As we found, different modules may share the same genetic regulator, such as TF and miRNA. An intriguing example is the TF, NFAT, enriched by both modules M1 and M3. NFAT is reported to promote the epithelial cell proliferation of human primary PrCa [79, 81] with store-independent Ca2+ entry via the TRPV6 channel. Significant expression changes of NFAT family genes and their regulator TRPV6 were observed in PrCa in the datasets. Another TF, SP1, was found to be PrCa-associated and enriched in three modules: M2, M4, and M5. SP1 has been considered an important target for PrCa therapy, since it regulates important genes, like the androgen receptor gene (AR), TGF-β, c-Met and prostate specific antigen (PSA), and others. These genes are involved in cell cycle, proliferation, cell differentiation, and apoptosis [80]. Other enriched TFs, STAT1 and NFKB [102], and moderately enriched miRNAs, hsa-miR-15a [83] and hsa-miR-19a [82] (Table 3), are also reported to be associated with PrCa. Similar expression patterns were also observed in another independent TCGA dataset. Taken together, our findings suggested that these 5 modules and their TF and microRNA regulators are likely critical for the genesis and progression of PrCa. These modules and regulators may be molecular targets for the future development of drugs and new therapies.

In this study, we chose a relatively stringent significance level to detect candidate modules.

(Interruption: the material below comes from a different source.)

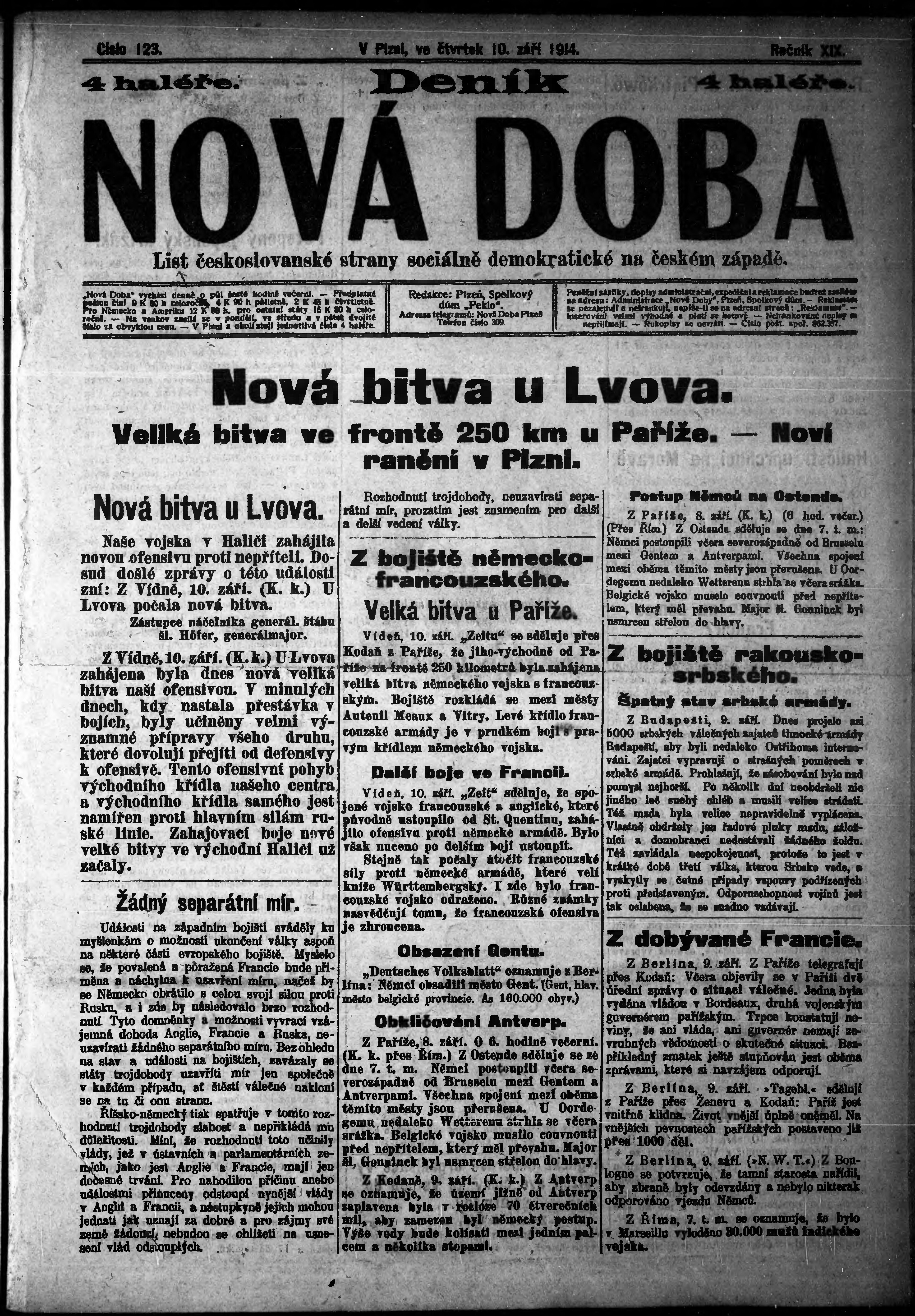 * Datum vydání výtisku: 10.9.1914 Číslo výtisku: 123
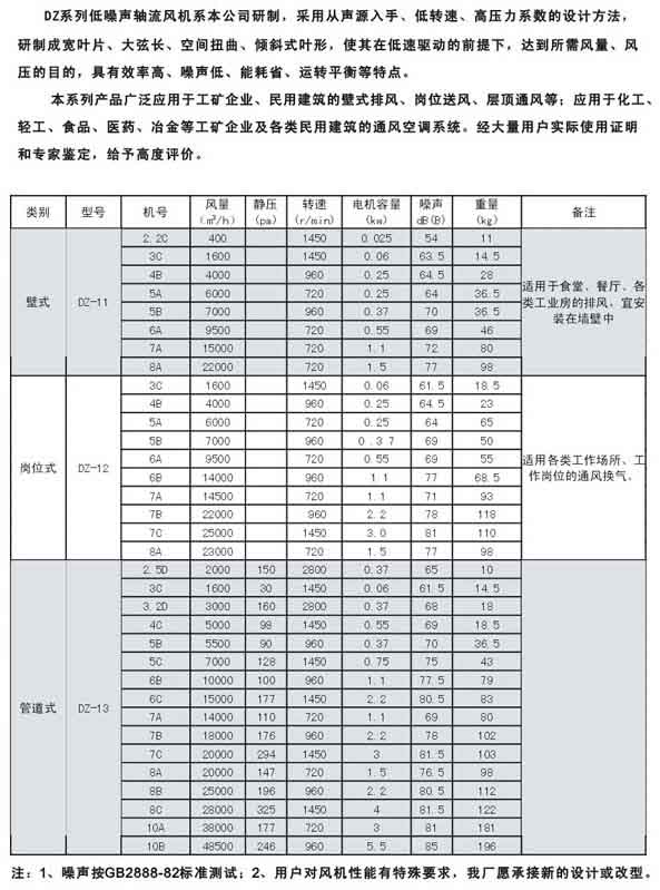 1、4-72、4-79型離心風機 2、9-19、9-26型高壓離心風機 六、冷卻風機系列 1、LFF型冷庫專用風機 2、DBF型變壓器專用風機 3、SFZ型空調室外機組冷卻風機 七、GDF系列離心式管道風機 八、YDF系列噴流誘導風機 九、SDS系列射流式通風機 十、HG系列變風量風機箱 十一、HVD低噪聲吸頂式房間通風 十二、SR900、DJF型電動腳踏兩用 十三、防火閥、排煙閥、風口 十四、消聲器系列 十五、安裝、維護及訂貨說明 |

The identified modules need to be enriched with both eQTL genes and SCNA or mutated genes, with a corrected p <0.05. This might exclude moderately associated modules (e.g., p <0.2), such as “response to chemical stimulus (in turquoise in Figure 1A4) (ptrans-eQTL = 0.086, pSCNA = 0.062),” “regulation of apoptosis (turquoise) (pcis-eQTL = 0.075, pSCNA = 0.039),” and “apoptosis go (turquoise) (pcis-eQTL = 0.071, pSCNA = 0.024)” (Additional file 1: Table S1).

In summary, our findings indicate that genes with same GO functions can cluster into several co-expressed modules to contribute to PrCa, as seen in modules M1 and M2. Modules across GO terms may act in the networks that are regulated by same genetic factors, such as modules M1 and M3. These findings indicate the importance of studying PrCa development at a systems level rather than at a single-gene level, offering insights into the underlying mechanisms of PrCa.

Conclusions

Using GO_BP terms to start, we conducted gene co-expression analysis of expression profiles of PrCa. Our results revealed five modules that were differentially expressed between tumors and controls, preserved between independent expression datasets, and enriched with putative cancer genes. The enrichment analyses further identified TF and miRNA as key regulators in PrCa. Our study provides important insights for the future investigation of molecular functionality related to PrCa etiology and the development of PrCa diagnosis tools and targeted therapy strategies.